**DATASET:**

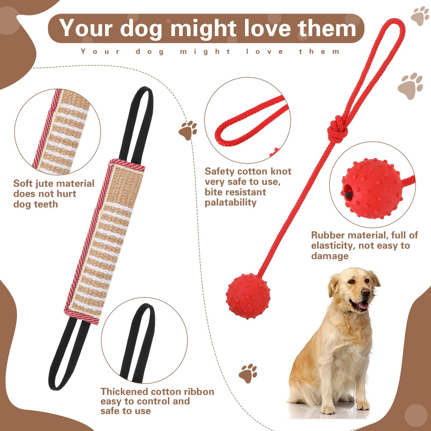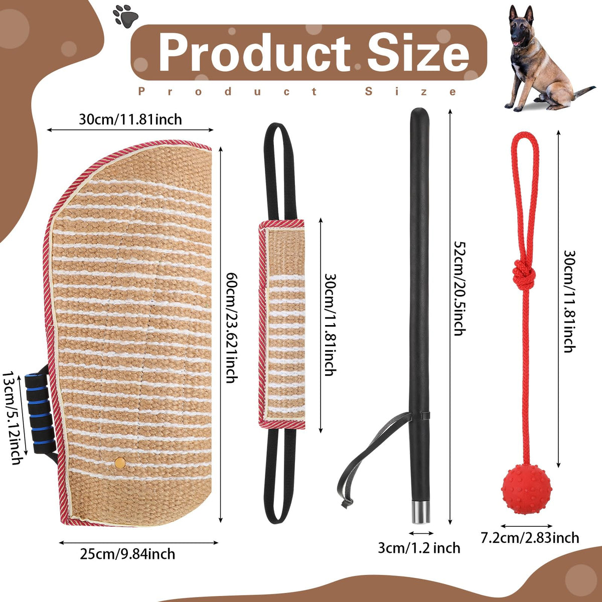 Features: Nice Gifts: The Dog Agility Training Set Is Suitable For Sending To Your Friends, Colleagues, Relatives, Neighbors, Family Members And Others You Care And Love, They Will Be Happy To Receive This Gift. Warm Note: This Dog Exercise Equipment Is Sturdy, But No Toy Is Indestructible. Use Only For Interactive Traction Between You And Your Dog, Not Chew Toys At The End Of The Interaction, Do Not Let Your Dag Keep The Toy And Do Not Let Him Chew The Handle. Specifications: Material: Dog Chew Sleeve, Dog Chew Tug Toy: Jute Outer Layer And Thick Cotton Inner Layerdog Training Stick: Artificial Leatherdog Chew Rubber Ball: Rubber Color: As Shown On The Picturesize: Dog Chew Sleeve: Approx. 23.6 X 11.8 Inches/ 60 X 30 Cmdog Chew Tug Toy: Approx. 11.8 X 3.15 Inches/ 30 X 8 Cmdog Training Stick: Approx. 20.5 X 1.2 Inches/ 52 X 3 Cmdog Chew Rubber Ball: Approx. 2.8 Inches/ 7.2 Cm In Diameterpackage Includes: 1 X Dog Chew Sleeve1 X Dog Chew Tug Toy1 X Dog Training Stick1 X Dog Chew Rubber Ballnotes: Manual Measurement, Please Allow Slight Errors On Size. The Color May Exist A Slight Difference Due To Different Screen Displays.
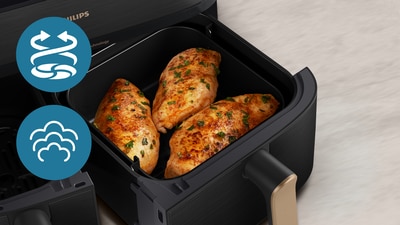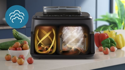 90% dintre consumatori sunt multumiti de gust. Obtine fragezimea oferita de prepararea cu abur si textura crocanta oferita de prajirea cu aer fierbinte folosind tehnologia RapidAir cu Air Steam
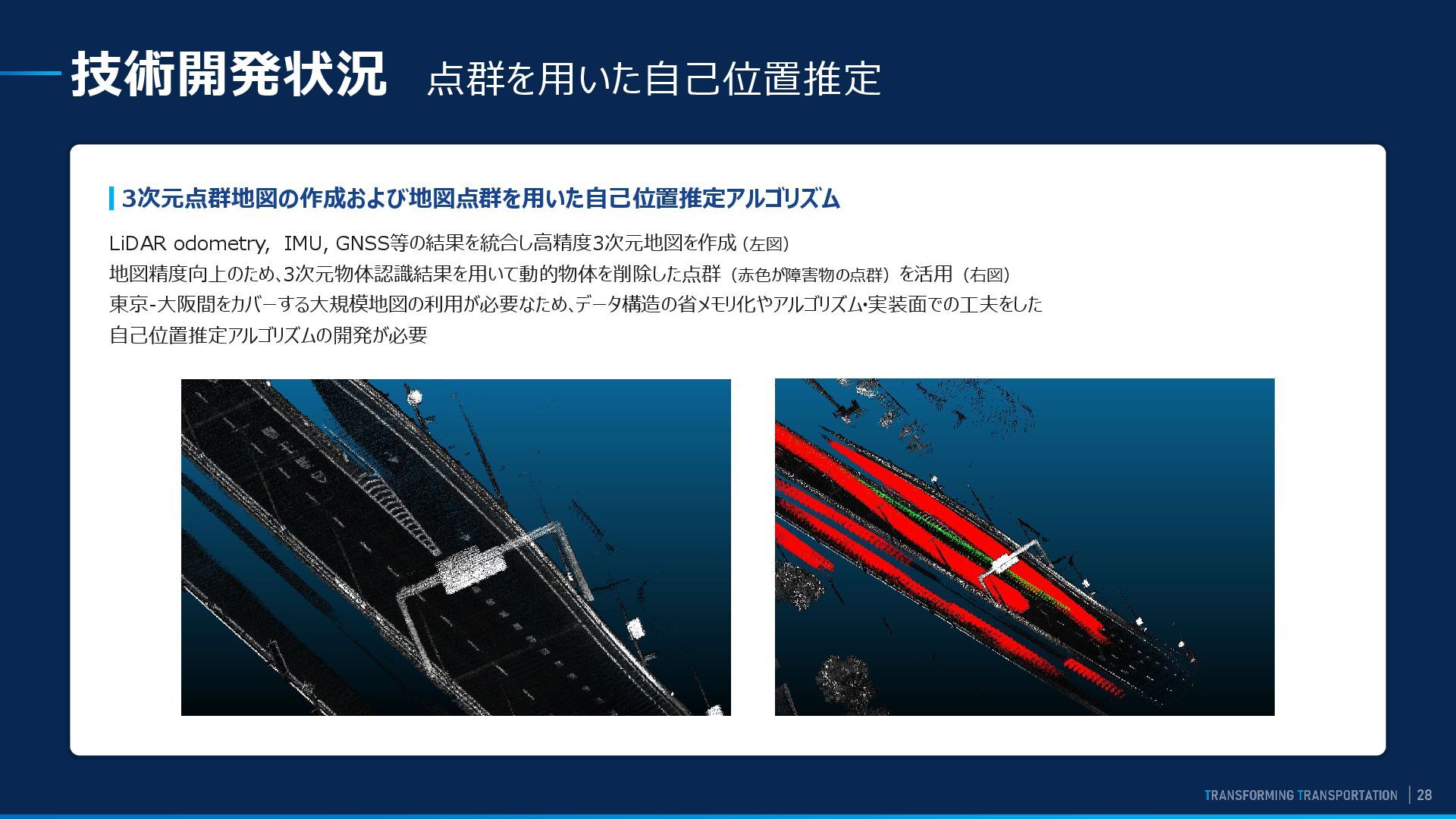 (衛星測位システム) ・ 点群・IMU:Inertial Measurement Unit (慣性計測装置) ・ 車速・白線・標識を統合して自己位置推定を行うアルゴリズムを開発中。 自己位置推定アルゴリズム 技術開発状況 認識・自己位置推定
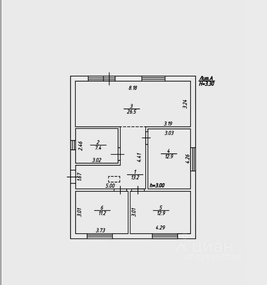 Планировка: прихожая, холл 13,2 кв.м, три спальни, просторный санузел 7,4 кв.м, кухня-гостиная 26,5 кв.м с выходом на задний двор.
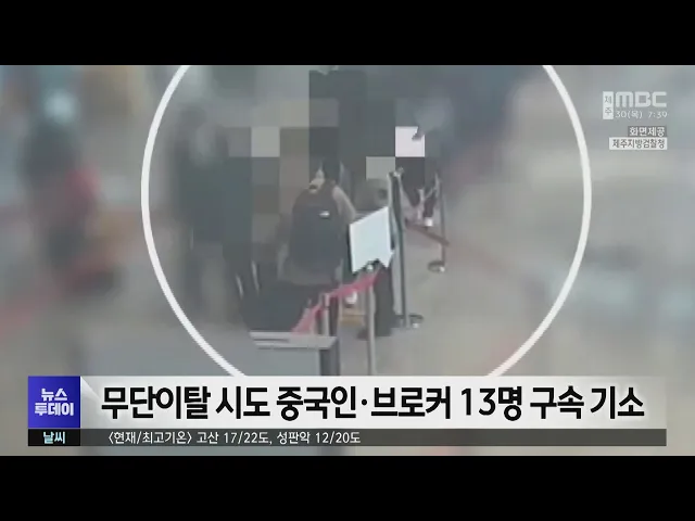 뉴스투데이 뉴스데스크뉴스투데이기획뉴스유튜브 뉴스페이스북 뉴스 prev 2024.5.30 - 목요일 next 무단이탈 시도 중국인·브로커 13명 구속 기소 무사증으로 제주에 들어온 뒤위조 신분증을 이용해 무단 이탈을 시도한중국인과 이들을 도운 브로커가 무더기로 재판에 넘겨졌습니다. 제주지방검찰청은제주도를 이탈하려 한 중국인 9명과이들에게 위조 ... 김하은 오름 공용화장실 바닥 꺼져‥고교생 1명 구조 오름 공용화장실 바닥이 꺼지는 사고가 나10대 한 명이 갇혔다 구조됐습니다.어제(29일) 오후 3시 10분쯤제주시 구좌읍 용눈이오름 입구 공용화장실에서바닥이 꺼지는 사고가 났습니다.이 사고로 안에 있... 권혁태 금은방 절도 중국인 피의자 도피 도운 일행 구속 제주의 한 금은방에서 발생한중국인 귀금속 절도 사건과 관련해도주한 피의자를 도운 일행이 경찰에 구속됐습니다. 제주서부경찰서는절도 피의자가 중국으로 달아난 뒤피의자의 여자친구에게 휴대전화 대... 김항섭 낮부처 차차 흐려져..서귀포시 한낮 자외선 유의! 오늘 아침은 선선합니다어제 아침보다 하늘에 구름이 많이 껴 있는데요서해남부해상에 위치한 고기압의 가장자리에 들면서 오늘 구름 낀 날씨를 보이다 낮부터 차차 흐려지겠습니다구름 낀 날씨여도 자외... 정희원
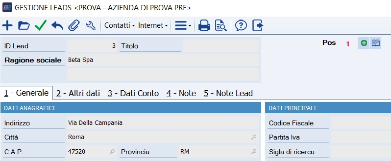 L'integrazione fra CRM e Business Social permette l'impostazione di relazioni con i Leads (visibilitā limitata in base ai permessi CRM).
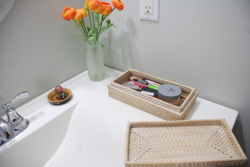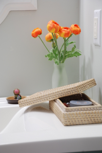 This is my favorite corner. Before, we had a side splash, and they shape of the sink barely allowed space for my hair brushes. Now, a ring holder (yes, I put my funkiest rings in it), eternally blossoming ranunculus flowers and a woven basket.
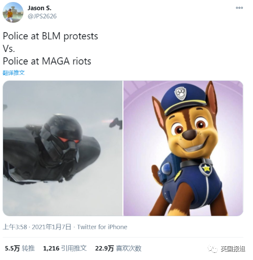 有人对比了在之前BLM运动走到国会大厦附近时,警方的严阵以待,与这次的形同虚设。
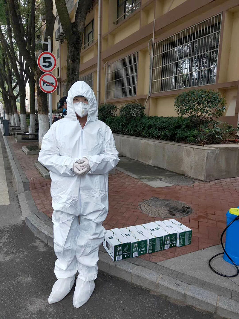 08级毕业生陈昕海虽离校多年,但他关心学校发展,关注校园动态,经过几年的奋斗,陈昕海自己创立广告公司,已成长为一名年轻企业家。当他关注到学校公众号推送的新闻中,曾经熟悉的老师身着各式简单防护在整理宿舍、改建隔离点时,已按捺不住对老师们的牵挂,立即四处联系防疫物资。随后又听说老师们要下沉社区,深入防疫一线,开展入户大排查,他又克服重重困难,最终向学校捐赠了100套防护服及2000个口罩。他说,能在特殊时期,为学校做点事,感觉自己始终与培育他的学校站在一起,是一件很光荣的事!
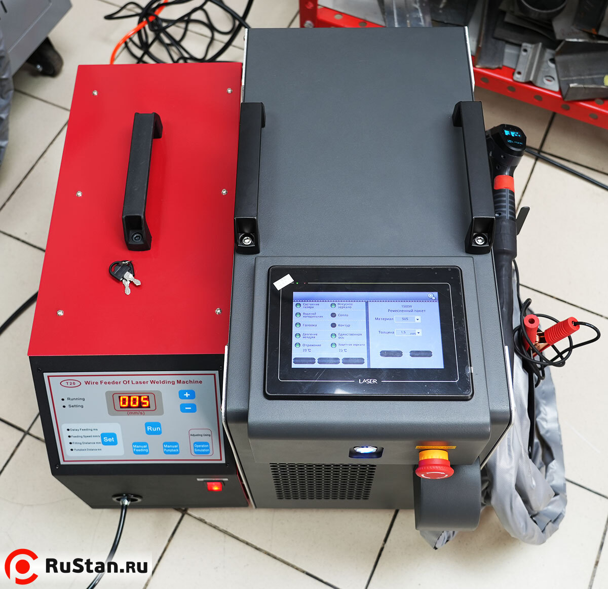 Лазерный аппарат укомплектован встроенным в корпус автоматическим податчиком сварочной проволоки 0.8-1.6мм. Скорость подачи регулируемая. Включение подачи происходит синхронно с нажатием кнопки пуск на сварочной головке (пистолете)
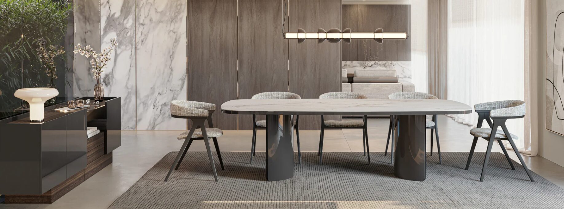 Сервант Vollmer отличается строгой конструкцией и сдержанными пропорциями, создавая спокойное и в то же время определенное присутствие в пространстве. Разработанный для современных столовых, этот предмет интерьера передает визуальный порядок и интенциональность, превращая организованность в дизайнерский жест.
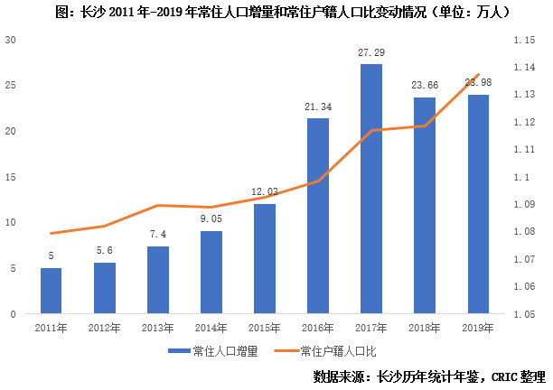 長(zhǎng)沙樓市在疫情后迎來(lái)“復(fù)蘇”,調(diào)控“松動(dòng)”,地價(jià)攀升是直接導(dǎo)火線,而背后更深層次的原因則是長(zhǎng)期積累購(gòu)買力的集中爆發(fā)。縱觀長(zhǎng)沙2011年以來(lái)常住人口增量變化,2011-2014年雖然逐年攀升,但每年增量均不足10萬(wàn)人,而步入2015年以來(lái)常住人口增長(zhǎng)明顯提速,每年增量均在25萬(wàn)人左右,且常住戶籍人口比始終保持穩(wěn)中有增態(tài)勢(shì),至2019年末已達(dá)1.14,保持人口凈流入。
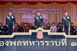 โอกาสนี้ พลตรี ไพศาล หนูสังข์ รองแม่ทัพภาคที่ 4 / รองผู้อำนวยการรักษาความมั่นคงภายในภาค 4 ส่วนหน้า ได้นำทหาร กล่าวคำสัตย์ปฏิญาณตนต่อธงชัยเฉลิมพล เนื่องในวันกองทัพไทย และวันกองทัพบก ประจำปีพุทธศักราช 2567 และได้อ่านสาส์น โอวาทของ พลเอก ทรงวิทย์ หนุนภักดี ผู้บัญชาการทหารสูงสุด ในโอกาสวันกองทัพไทย ประจำปี 2567 ว่า วันกองทัพไทย ตรงกับวันที่ 18 มกราคม ของทุกปีเป็นวันสำคัญยิ่งวันหนึ่งในประวัติศาสตร์ชาติไทย เป็นวันที่สมเด็จพระนเรศวรมหาราชทรงนำเหล่าทหารกล้าประกอบมหาวีรกรรมอันกล้าหาญในการปกป้องรักษาเอกราชอธิปไตย นับว่าเป็นเหตุการณ์ อันสำคัญยิ่งเป็นวันแห่งเกียรติยศและความภาคภูมิใจของคนไทยทั้งชาติที่ได้ระลึกถึงเหล่าบรรพชนไทยที่สละชีวิตและเลือดเนื้อ เป็นชาติพลี เพื่อความอยู่รอด และความมั่นคงปลอดภัยของบ้านเมืองอย่างยั่งยืนมาจนถึงปัจจุบันอันเป็นแบบอย่างที่เราเหล่าทหารทั้งหลายควรจักยึดถือ สืบทอดเจตนารมณ์ดังกล่าวสืบไป ตลอดระยะเวลาที่ผ่านมา กองทัพไทยมีหน้าที่พิทักษ์ปกป้องรักษา ชาติ ศาสนา และพระมหากษัตริย์ ช่วยเหลือประชาชนพัฒนาและแก้ไขปัญหาชองชาติ เพื่อให้ประชาชนอยู่อย่างร่มเย็นเป็นสุข ขอให้เพื่อนทหารทุกนาย มีความภาคภูมิใจในการปฏิบัติหน้าที่ ปฏิบัติงานด้วยความอดทนเสียสละ เห็นแก่ประโยชน์ส่วนรวมสนับสนุนภารกิจของรัฐบาลในการพัฒนาและแก้ไขปัญหาของชาติ จนเป็นที่เชื่อมั่นศรัทธาของประชาชนและขอให้เพื่อนทหารทุกท่านดำรงรักษาความดีนี้ไว้สืบไป
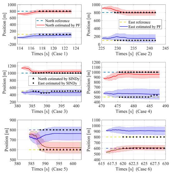 Triangles and circles are symbolized to recognize eastward and northward directions, respectively. To enhance clarity and conciseness, the points in the plot are plotted at a fixed interval, lower than the frequency of the SINDy execution. Figure 11 demonstrates that from Case 3 to Case 6, SINDy consistently outperforms PF in terms of position estimation. Regardless of estimating the east or north position of the thermal, the error of PF’s identification is several to dozens of times greater than that of the SINDy algorithm. In Case 3 and Case 4, SINDy exhibits slight deviations in estimating the east position. However, in most cases, its estimated values coincide with the setpoint. It is noteworthy that the estimations exhibit a slight delay compared to PF due to the requirement of SINDy to accumulate a specific quantity of physical quantities for the computation of the information matrix. Once the collected updrafts reach the predetermined threshold, SINDy precisely locates the thermal cell.
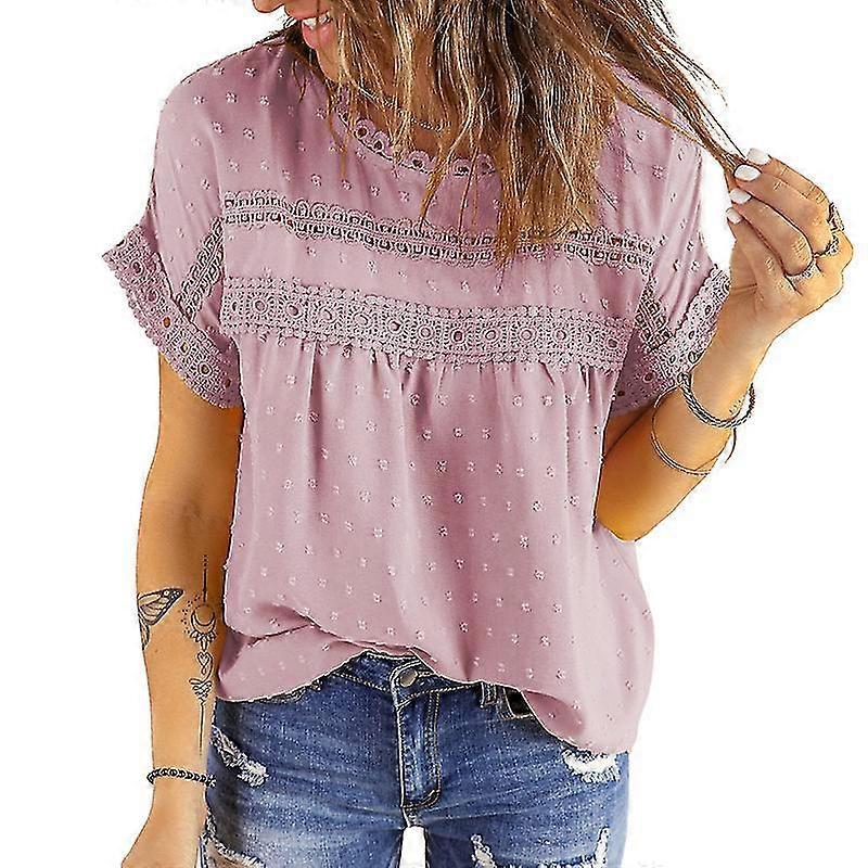 Womens Tops Lace Crochet Short Sleeve Shirts Casual Blouses
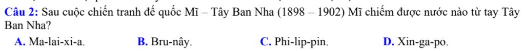 `->` Cuộc chiến tranh Mỹ - Tây Ban Nha từ `1898-1902` đã kết thúc với việc Mỹ đã gạt bỏ được ảnh hưởng của Tây Ban Nha, hoàn thành quá trình xâm lược, biến Phi-lip-pin thành thuộc địa của mình ở khu vực Đông Nam Á.
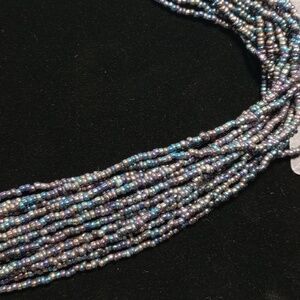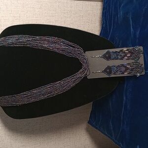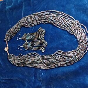 Multi-strand Iridescent Seed Bead Necklace And Matching Fringe Earrings
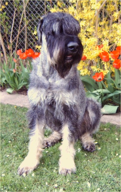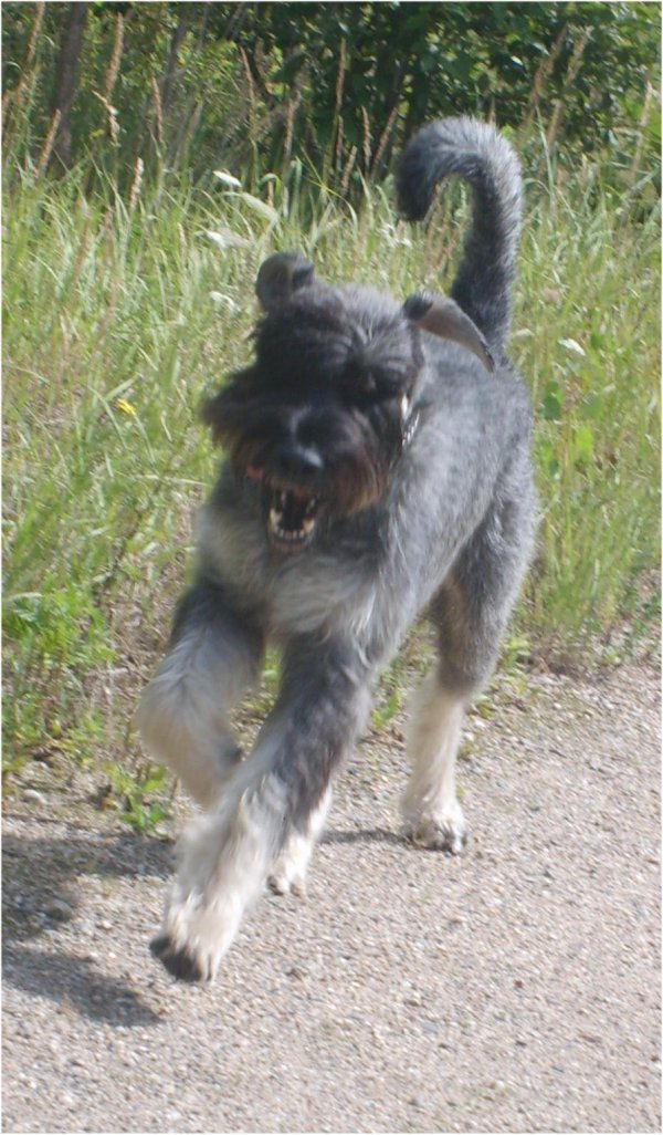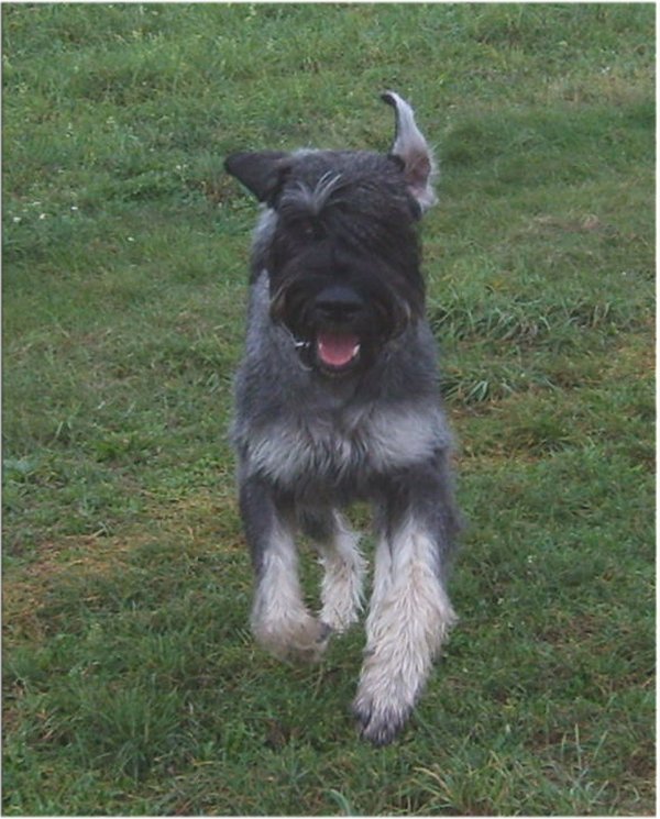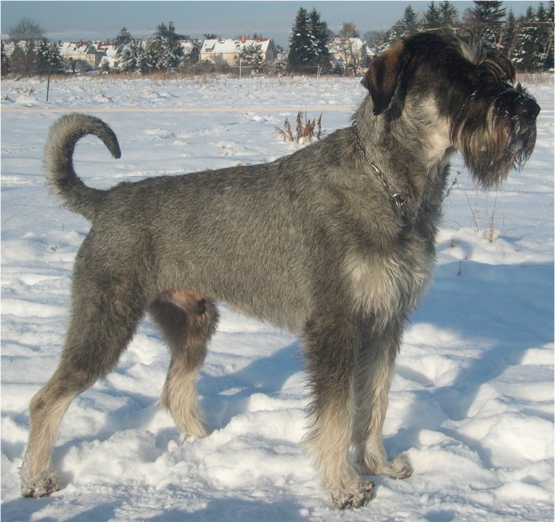 Zusammenfassung Richterberichte: Gero ist ein großer, substanzvoller Rüde mit prima Ober- und Unterlinie. Der Kopf ist gestreckt und zum Körper passend. Korrekte Hinterhand, die Vorderhand ist etwas steil. Das Auge ist braun, könnte aber dunkler sein. Das Haar ist sehr hart und von mittleren Pfeffersalz. Der Rücken ist fest und er hat ein raumgreifendes Gangwerk. Pfotenstand vorn etwas französisch. Einwandfreies, temperamentvolles Wesen. | ||||||||||||||||||||||||||||||||||||||||||||||||||||||||||||||||||||||||||||||||||||||

**WORK INSTRUCTION:** Set down again, word for word, every line from the one with "Планировка: прихожая, холл" to the one with "This is my favorite" in the entries above, and omit the pictures.

**RESULT FOR THIS EXERCISE:**
 Планировка: прихожая, холл 13,2 кв.м, три спальни, просторный санузел 7,4 кв.м, кухня-гостиная 26,5 кв.м с выходом на задний двор.
 뉴스투데이 뉴스데스크뉴스투데이기획뉴스유튜브 뉴스페이스북 뉴스 prev 2024.5.30 - 목요일 next 무단이탈 시도 중국인·브로커 13명 구속 기소 무사증으로 제주에 들어온 뒤위조 신분증을 이용해 무단 이탈을 시도한중국인과 이들을 도운 브로커가 무더기로 재판에 넘겨졌습니다. 제주지방검찰청은제주도를 이탈하려 한 중국인 9명과이들에게 위조 ... 김하은 오름 공용화장실 바닥 꺼져‥고교생 1명 구조 오름 공용화장실 바닥이 꺼지는 사고가 나10대 한 명이 갇혔다 구조됐습니다.어제(29일) 오후 3시 10분쯤제주시 구좌읍 용눈이오름 입구 공용화장실에서바닥이 꺼지는 사고가 났습니다.이 사고로 안에 있... 권혁태 금은방 절도 중국인 피의자 도피 도운 일행 구속 제주의 한 금은방에서 발생한중국인 귀금속 절도 사건과 관련해도주한 피의자를 도운 일행이 경찰에 구속됐습니다. 제주서부경찰서는절도 피의자가 중국으로 달아난 뒤피의자의 여자친구에게 휴대전화 대... 김항섭 낮부처 차차 흐려져..서귀포시 한낮 자외선 유의! 오늘 아침은 선선합니다어제 아침보다 하늘에 구름이 많이 껴 있는데요서해남부해상에 위치한 고기압의 가장자리에 들면서 오늘 구름 낀 날씨를 보이다 낮부터 차차 흐려지겠습니다구름 낀 날씨여도 자외... 정희원
 L'integrazione fra CRM e Business Social permette l'impostazione di relazioni con i Leads (visibilitā limitata in base ai permessi CRM).
 This is my favorite corner. Before, we had a side splash, and they shape of the sink barely allowed space for my hair brushes. Now, a ring holder (yes, I put my funkiest rings in it), eternally blossoming ranunculus flowers and a woven basket.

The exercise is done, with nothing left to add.